Alfredo era un militar veracruzano de 26 años de edad, el pasado jueves murió abatido en uno de los enfrentamientos de Culiacán, Sinaloa. Toda la noche su familia, vecinos y compañeros del Ejército Mexicano resguardan la vivienda donde se realiza el velorio de quien fue su compañero de armas.
El soldado veracruzano dejó a 2 pequeños en la orfandad, hace apenas 3 meses había acudido para la celebración de un bautizo. «Fue un buen niño, él anhelaba ese trabajo que tenía; fue amoroso, sano, tuvo dos hijos y los amaba mucho», expresó su madre, Ana.
El féretro fue trasladado en el avión Caza 295, matrícula 3204, que aterrizó en la base aeronaval de Las Bajadas, a un lado del aeropuerto de Veracruz.
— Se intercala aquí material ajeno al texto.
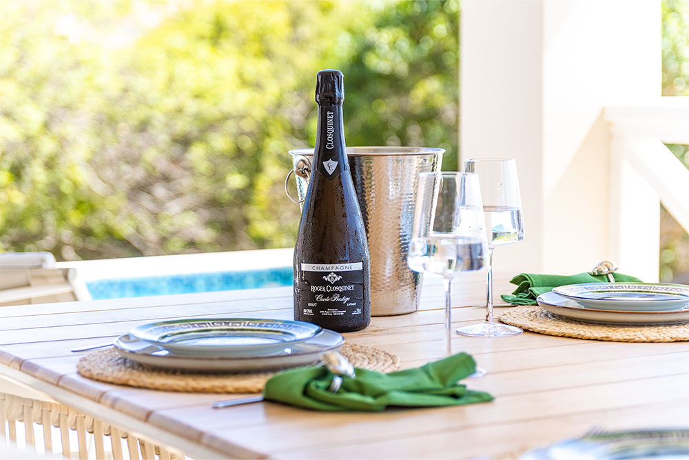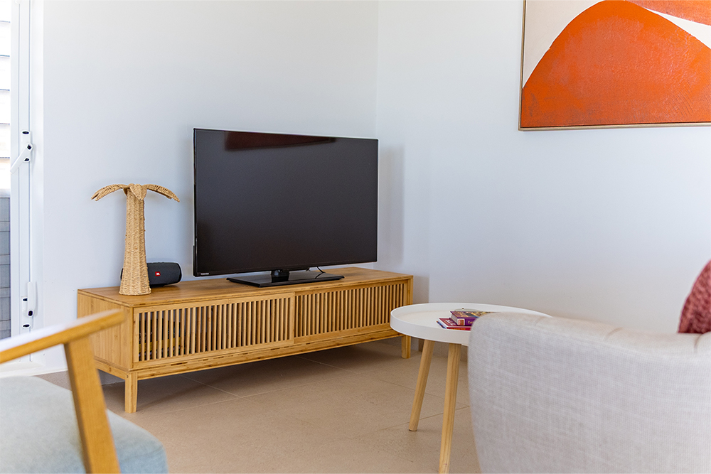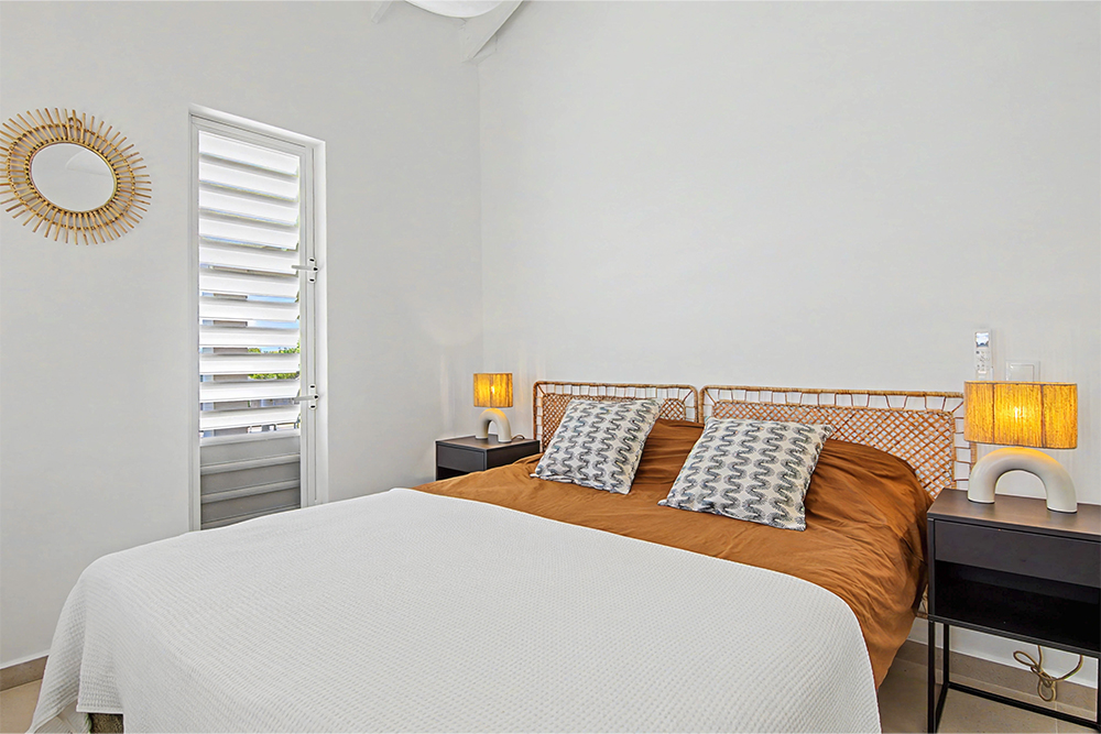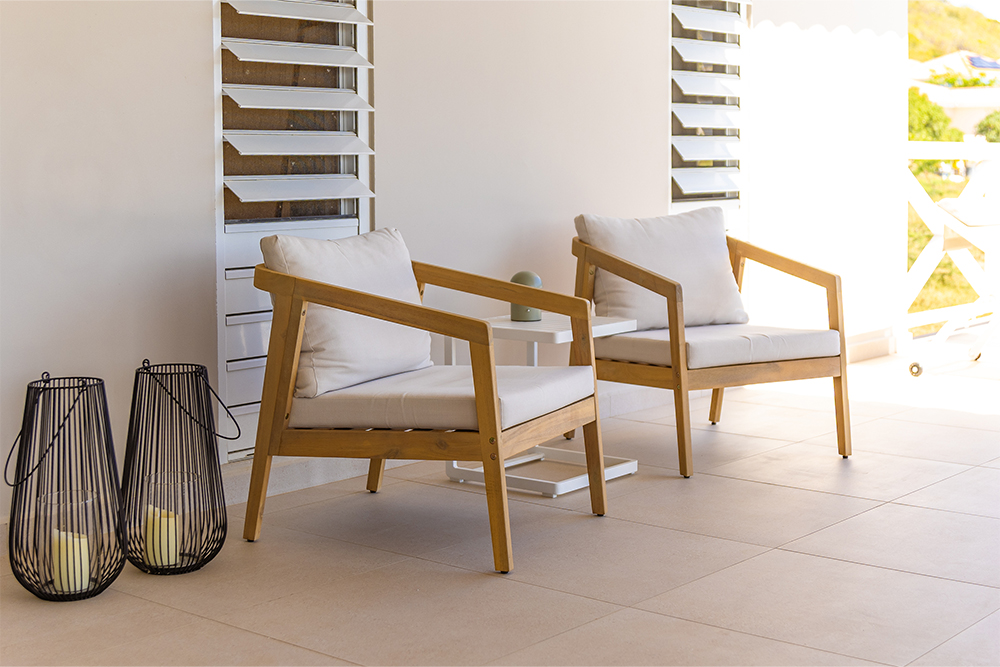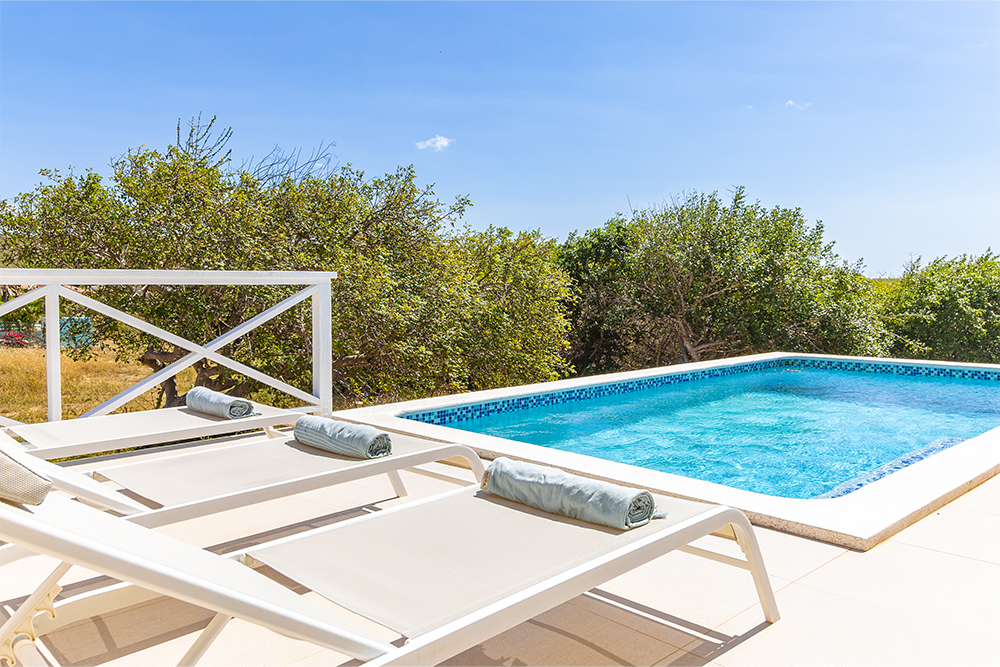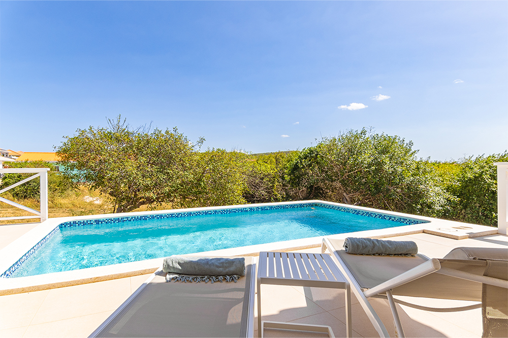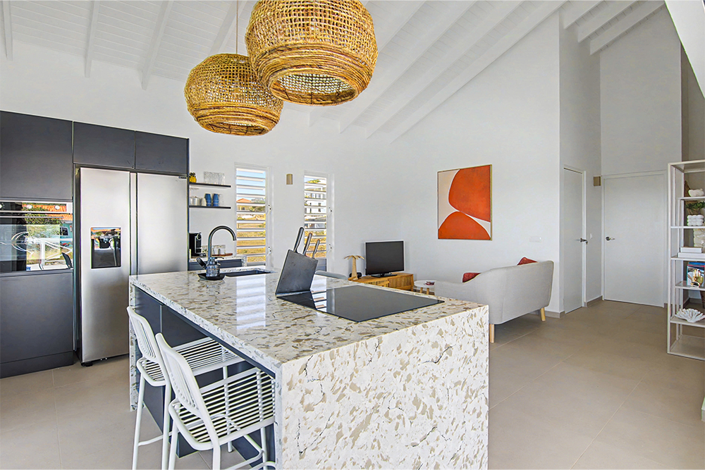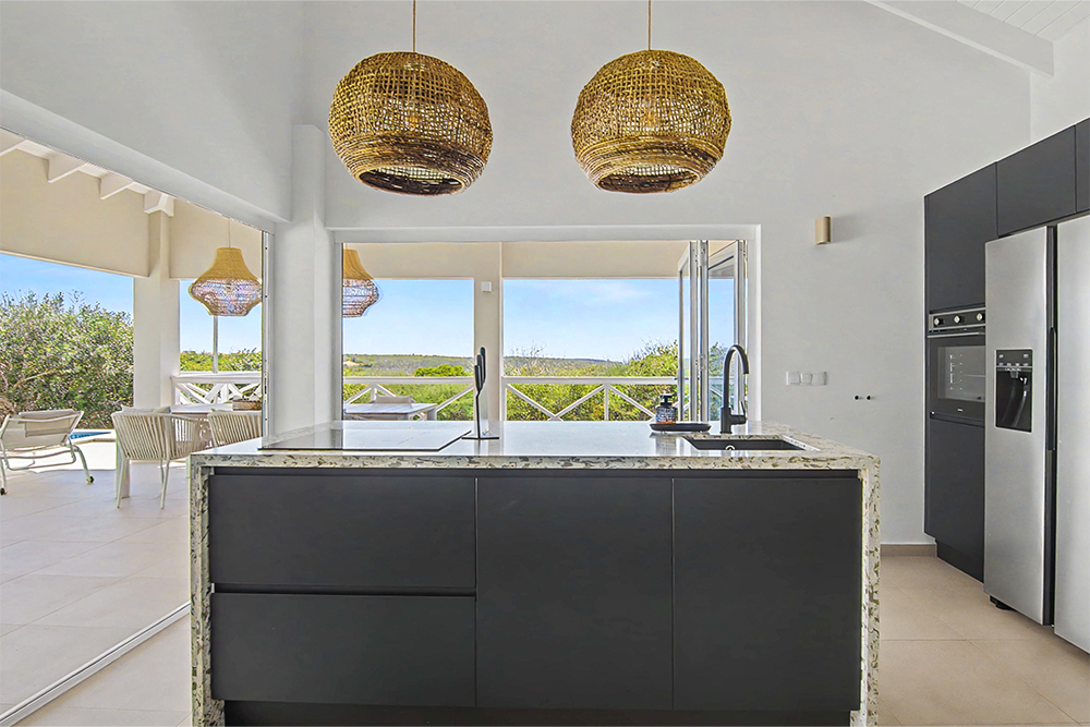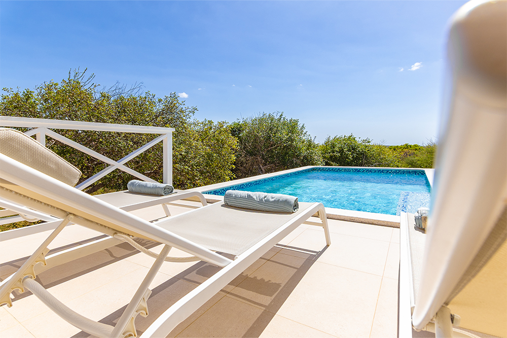 Via de grote schuifpuien loopt u zo naar het royale, overdekte terras met lounge- en eethoek. Geniet van de verkoelende passaatwind, het tropische uitzicht en het ultieme vakantiegevoel. Het privézwembad maakt het plaatje compleet — ideaal voor een verfrissende duik op elk moment van de dag.

«Hijo, ¿es realmente lo que anhelas?, ¿lo que quieres? Decía ‘sí, ese es el trabajo que yo quiero’”, narró su madre a medios de comunicación, al relatar que siempre le advirtió de lo riesgoso de su trabajo “Yo lo apoyé para que él pudiera obtener ese trabajo y lo demás Dios sabe por qué suceden las cosas», agregó.
Era un joven feliz, preocupado siempre por su familia, que amaba y disfrutaba el futbol, cuenta Roxana, una de sus hermanas. “Su único vicio era el futbol, amaba el futbol; era un niño muy tranquilo, muy dedicado en su trabajo», dijo.